Tal vez Dadá fue el único que advirtió que el drama no había acabado, que los males y las mentiras profundas que desencadenaron la matanza seguían vivas, esperando el momento oportuno para desatarse. Nada más lejos de la realidad. Nos hemos criado en una cultura que nos ha hecho pensar que el fascismo estaba muerto, que había desaparecido, pero solo estaba ahí, escondido tras máscaras y falsos nombres como “derecha” o “extrema derecha”, escondido en pequeñas manifestaciones de violencia contra el pueblo, pequeños actos de parte de las instituciones que poco a poco han ido haciendo que los derechos se conviertan en privilegios, escondido hasta que el Estado ha visto el momento oportuno de sacarlo afuera, sin escondites, sin tapujos. Violencia extrema. Si el capitalismo y el fascismo son el arte de esta sociedad, tendremos que hacer el Antiarte más grande de todos los tiempos. Tú y yo.
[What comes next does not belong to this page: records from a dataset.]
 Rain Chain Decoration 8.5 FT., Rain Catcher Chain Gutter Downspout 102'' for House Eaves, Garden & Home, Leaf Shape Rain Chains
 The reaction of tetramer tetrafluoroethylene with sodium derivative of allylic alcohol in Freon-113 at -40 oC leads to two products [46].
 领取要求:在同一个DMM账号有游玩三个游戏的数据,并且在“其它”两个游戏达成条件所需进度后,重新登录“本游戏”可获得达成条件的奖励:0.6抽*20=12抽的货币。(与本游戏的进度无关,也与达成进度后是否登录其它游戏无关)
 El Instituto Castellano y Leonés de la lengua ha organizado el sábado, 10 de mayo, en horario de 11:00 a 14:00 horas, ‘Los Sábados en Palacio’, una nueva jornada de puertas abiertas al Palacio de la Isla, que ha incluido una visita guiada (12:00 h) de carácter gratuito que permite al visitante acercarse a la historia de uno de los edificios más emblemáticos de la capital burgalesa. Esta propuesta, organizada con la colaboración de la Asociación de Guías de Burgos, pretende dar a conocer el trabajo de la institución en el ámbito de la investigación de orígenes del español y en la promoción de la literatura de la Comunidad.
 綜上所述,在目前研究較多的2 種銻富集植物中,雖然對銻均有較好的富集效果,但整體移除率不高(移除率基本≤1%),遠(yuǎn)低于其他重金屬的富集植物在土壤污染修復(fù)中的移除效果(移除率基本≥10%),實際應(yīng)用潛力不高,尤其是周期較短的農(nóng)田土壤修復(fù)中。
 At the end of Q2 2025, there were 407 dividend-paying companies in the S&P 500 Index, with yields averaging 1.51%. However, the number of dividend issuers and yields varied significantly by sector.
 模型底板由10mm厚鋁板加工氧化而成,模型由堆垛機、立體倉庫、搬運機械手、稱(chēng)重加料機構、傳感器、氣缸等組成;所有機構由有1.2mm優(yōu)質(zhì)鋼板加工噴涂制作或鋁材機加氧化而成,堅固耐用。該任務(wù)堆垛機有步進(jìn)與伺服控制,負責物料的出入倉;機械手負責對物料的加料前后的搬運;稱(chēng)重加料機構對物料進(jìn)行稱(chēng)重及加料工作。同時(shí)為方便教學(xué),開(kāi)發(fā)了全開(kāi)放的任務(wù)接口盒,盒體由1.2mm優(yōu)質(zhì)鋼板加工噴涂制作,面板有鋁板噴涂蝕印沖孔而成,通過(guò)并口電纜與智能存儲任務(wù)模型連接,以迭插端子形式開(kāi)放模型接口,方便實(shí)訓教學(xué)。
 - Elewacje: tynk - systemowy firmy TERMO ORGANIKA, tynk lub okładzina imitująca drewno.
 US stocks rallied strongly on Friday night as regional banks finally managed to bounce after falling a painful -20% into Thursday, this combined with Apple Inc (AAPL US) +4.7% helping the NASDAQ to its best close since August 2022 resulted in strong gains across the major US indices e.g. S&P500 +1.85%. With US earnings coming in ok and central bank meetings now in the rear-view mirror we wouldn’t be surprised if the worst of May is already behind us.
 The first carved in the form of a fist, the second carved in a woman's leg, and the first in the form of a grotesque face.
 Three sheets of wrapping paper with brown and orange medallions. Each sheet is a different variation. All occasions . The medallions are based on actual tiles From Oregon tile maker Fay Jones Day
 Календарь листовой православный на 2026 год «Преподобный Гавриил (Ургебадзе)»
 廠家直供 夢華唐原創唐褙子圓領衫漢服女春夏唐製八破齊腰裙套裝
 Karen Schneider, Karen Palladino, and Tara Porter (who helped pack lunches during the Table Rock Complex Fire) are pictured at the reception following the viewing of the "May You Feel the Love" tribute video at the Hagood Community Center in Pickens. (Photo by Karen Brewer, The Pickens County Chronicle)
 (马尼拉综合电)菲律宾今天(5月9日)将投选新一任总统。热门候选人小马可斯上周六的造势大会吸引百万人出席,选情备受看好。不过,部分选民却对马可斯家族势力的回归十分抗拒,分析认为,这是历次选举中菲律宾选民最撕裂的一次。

Todos nosotros.
Nuestra sociedad huele también a cadáveres, sobre todo porque aún no han podido ser desenterrados, porque cientos y cientos de cadáveres se mezclan en agujeros escondidos por todas partes de nuestra tierra andaluza.
Y aunque violencia es también lo que proponía el dadaísmo, no podemos confundir esa violencia metafórica dadaísta con la violencia real, con esa violencia que mata al ser humano o lo deja agonizando, no podemos olvidar que el dadaísmo nació tras la Primera Guerra Mundial: la violencia de la guerra es la violencia que desencadena el Sistema porque no quiere que nada cambie, quiere seguir manteniendo su poder a costa de la destrucción del pueblo, mientras que esa violencia de la que habla Dadá consiste en todo lo contrario, pues nos habla de un rechazo total, precisamente, de ese sistema, la destrucción de este. Dadá jamás hablo de matar a nadie, ni de hacerle daño a nadie. Así no podemos decir que la guerra y Dada son dos extremos peligrosos, de igual forma que no podemos hacer la estúpida comparación de que fascistas y antifascistas son los mismo. Un poco de coherencia, muchachos. Uno en un extremo y el otro en otro, pero uno defiende la destrucción de parte del ser humano, defiende el daño, mientras que el otro lucha para que nada de eso pase.
Esa “violencia” dadaísta es más necesaria que nunca, la necesidad de acabar con esta falsa democracia en manos de la derecha, esa democracia que ha estado al servicio del PSOE, y ahora parece estar sujeta por PP, C´s y esos tíos que en caballo hablaban de hacer una reconquista. Reconquista, ¿hay algo más violento?
Dadá es más necesario que nunca. Más necesario que nunca. Ya Tzara lo dijo: la violencia Dadá era un grito, aquel que todo hombre debió dar. Todo hombre debía haber gritado, pero solo Dadá gritó, cuando todo el mundo quiso gritar, ya era demasiado tarde. Ya era demasiado tarde…
Y vosotros, ¿habéis gritado ya? ¿No? ¿A qué estáis esperando?